Each entry below should be restated word for word, without any picture it contains.
>>
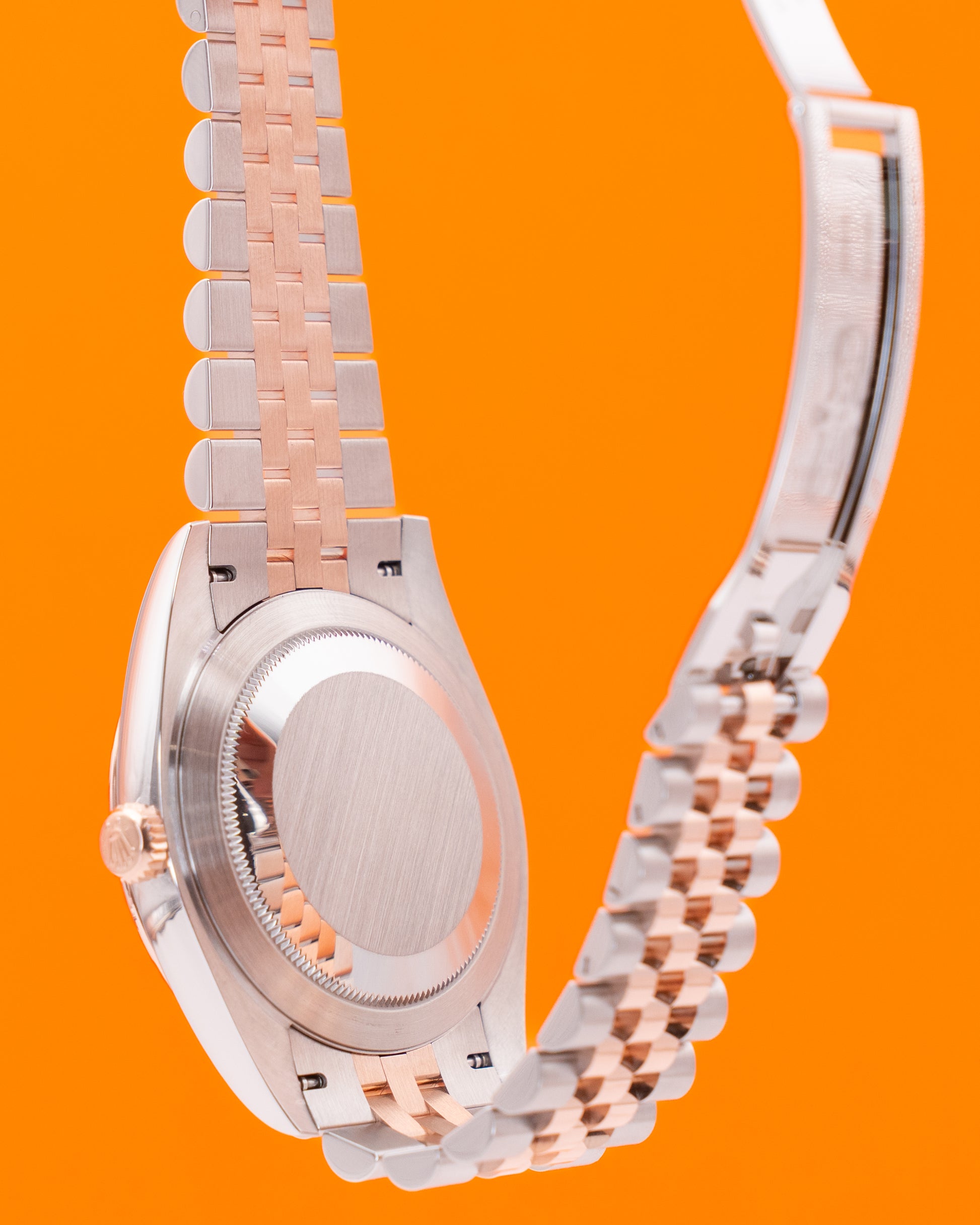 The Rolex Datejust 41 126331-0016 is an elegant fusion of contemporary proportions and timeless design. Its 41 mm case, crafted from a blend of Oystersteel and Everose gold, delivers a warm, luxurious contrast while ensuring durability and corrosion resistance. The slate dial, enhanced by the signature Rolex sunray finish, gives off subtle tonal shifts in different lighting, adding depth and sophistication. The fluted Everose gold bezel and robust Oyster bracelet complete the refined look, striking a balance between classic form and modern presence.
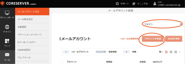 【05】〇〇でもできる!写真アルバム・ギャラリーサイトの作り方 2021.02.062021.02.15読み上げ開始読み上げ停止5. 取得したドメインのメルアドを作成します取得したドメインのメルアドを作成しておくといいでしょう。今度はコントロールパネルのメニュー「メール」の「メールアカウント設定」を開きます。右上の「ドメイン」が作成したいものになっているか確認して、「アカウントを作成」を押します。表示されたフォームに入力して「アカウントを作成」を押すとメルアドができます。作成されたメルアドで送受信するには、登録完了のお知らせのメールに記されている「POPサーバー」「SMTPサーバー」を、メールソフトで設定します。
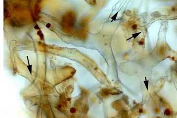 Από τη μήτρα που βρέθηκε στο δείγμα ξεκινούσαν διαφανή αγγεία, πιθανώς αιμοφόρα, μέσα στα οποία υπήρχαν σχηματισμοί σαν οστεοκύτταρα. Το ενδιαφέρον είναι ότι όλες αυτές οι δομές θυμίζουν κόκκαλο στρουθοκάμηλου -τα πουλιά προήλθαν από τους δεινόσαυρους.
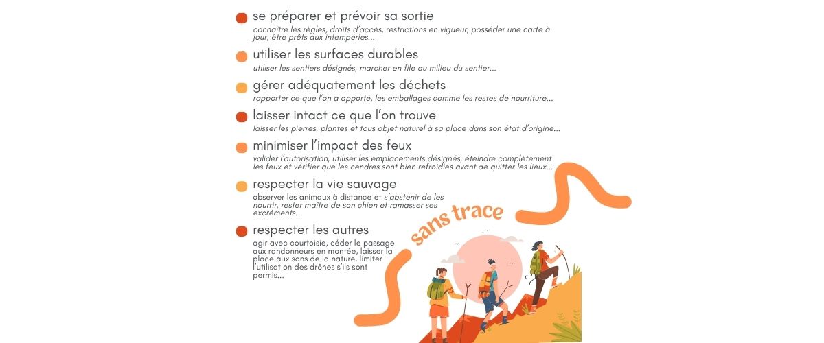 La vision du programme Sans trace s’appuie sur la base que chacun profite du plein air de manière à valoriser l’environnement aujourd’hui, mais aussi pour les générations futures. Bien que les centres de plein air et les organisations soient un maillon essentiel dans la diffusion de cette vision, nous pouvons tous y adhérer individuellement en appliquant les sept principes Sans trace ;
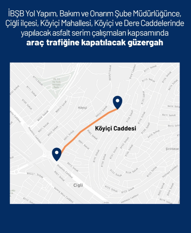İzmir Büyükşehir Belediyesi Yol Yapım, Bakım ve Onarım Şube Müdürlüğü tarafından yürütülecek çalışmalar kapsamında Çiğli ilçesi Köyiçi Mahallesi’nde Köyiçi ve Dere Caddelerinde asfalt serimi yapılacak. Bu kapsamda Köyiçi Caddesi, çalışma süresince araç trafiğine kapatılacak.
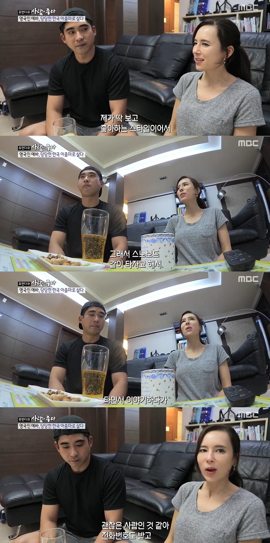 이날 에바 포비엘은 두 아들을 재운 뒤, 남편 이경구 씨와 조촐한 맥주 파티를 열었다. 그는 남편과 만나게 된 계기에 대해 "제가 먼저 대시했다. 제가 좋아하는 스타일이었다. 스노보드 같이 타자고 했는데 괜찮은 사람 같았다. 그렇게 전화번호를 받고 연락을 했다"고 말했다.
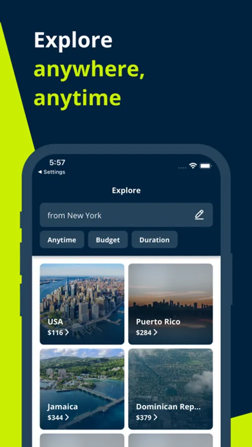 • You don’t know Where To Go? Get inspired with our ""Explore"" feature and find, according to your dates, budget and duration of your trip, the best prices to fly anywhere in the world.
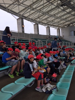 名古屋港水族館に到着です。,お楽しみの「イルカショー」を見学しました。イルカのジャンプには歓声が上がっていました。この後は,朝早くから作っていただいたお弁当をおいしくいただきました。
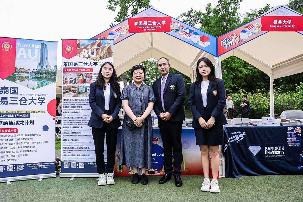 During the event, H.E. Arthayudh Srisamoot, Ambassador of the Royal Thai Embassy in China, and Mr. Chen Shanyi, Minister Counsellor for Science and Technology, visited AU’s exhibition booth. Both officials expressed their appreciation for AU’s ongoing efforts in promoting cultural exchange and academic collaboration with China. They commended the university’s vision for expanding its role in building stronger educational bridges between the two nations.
<<
### Response area
 The Rolex Datejust 41 126331-0016 is an elegant fusion of contemporary proportions and timeless design. Its 41 mm case, crafted from a blend of Oystersteel and Everose gold, delivers a warm, luxurious contrast while ensuring durability and corrosion resistance. The slate dial, enhanced by the signature Rolex sunray finish, gives off subtle tonal shifts in different lighting, adding depth and sophistication. The fluted Everose gold bezel and robust Oyster bracelet complete the refined look, striking a balance between classic form and modern presence.
 【05】〇〇でもできる!写真アルバム・ギャラリーサイトの作り方 2021.02.062021.02.15読み上げ開始読み上げ停止5. 取得したドメインのメルアドを作成します取得したドメインのメルアドを作成しておくといいでしょう。今度はコントロールパネルのメニュー「メール」の「メールアカウント設定」を開きます。右上の「ドメイン」が作成したいものになっているか確認して、「アカウントを作成」を押します。表示されたフォームに入力して「アカウントを作成」を押すとメルアドができます。作成されたメルアドで送受信するには、登録完了のお知らせのメールに記されている「POPサーバー」「SMTPサーバー」を、メールソフトで設定します。
 Από τη μήτρα που βρέθηκε στο δείγμα ξεκινούσαν διαφανή αγγεία, πιθανώς αιμοφόρα, μέσα στα οποία υπήρχαν σχηματισμοί σαν οστεοκύτταρα. Το ενδιαφέρον είναι ότι όλες αυτές οι δομές θυμίζουν κόκκαλο στρουθοκάμηλου -τα πουλιά προήλθαν από τους δεινόσαυρους.
 La vision du programme Sans trace s’appuie sur la base que chacun profite du plein air de manière à valoriser l’environnement aujourd’hui, mais aussi pour les générations futures. Bien que les centres de plein air et les organisations soient un maillon essentiel dans la diffusion de cette vision, nous pouvons tous y adhérer individuellement en appliquant les sept principes Sans trace ;
İzmir Büyükşehir Belediyesi Yol Yapım, Bakım ve Onarım Şube Müdürlüğü tarafından yürütülecek çalışmalar kapsamında Çiğli ilçesi Köyiçi Mahallesi’nde Köyiçi ve Dere Caddelerinde asfalt serimi yapılacak. Bu kapsamda Köyiçi Caddesi, çalışma süresince araç trafiğine kapatılacak.
 이날 에바 포비엘은 두 아들을 재운 뒤, 남편 이경구 씨와 조촐한 맥주 파티를 열었다. 그는 남편과 만나게 된 계기에 대해 "제가 먼저 대시했다. 제가 좋아하는 스타일이었다. 스노보드 같이 타자고 했는데 괜찮은 사람 같았다. 그렇게 전화번호를 받고 연락을 했다"고 말했다.
 • You don’t know Where To Go? Get inspired with our ""Explore"" feature and find, according to your dates, budget and duration of your trip, the best prices to fly anywhere in the world.
 名古屋港水族館に到着です。,お楽しみの「イルカショー」を見学しました。イルカのジャンプには歓声が上がっていました。この後は,朝早くから作っていただいたお弁当をおいしくいただきました。
 During the event, H.E. Arthayudh Srisamoot, Ambassador of the Royal Thai Embassy in China, and Mr. Chen Shanyi, Minister Counsellor for Science and Technology, visited AU’s exhibition booth. Both officials expressed their appreciation for AU’s ongoing efforts in promoting cultural exchange and academic collaboration with China. They commended the university’s vision for expanding its role in building stronger educational bridges between the two nations.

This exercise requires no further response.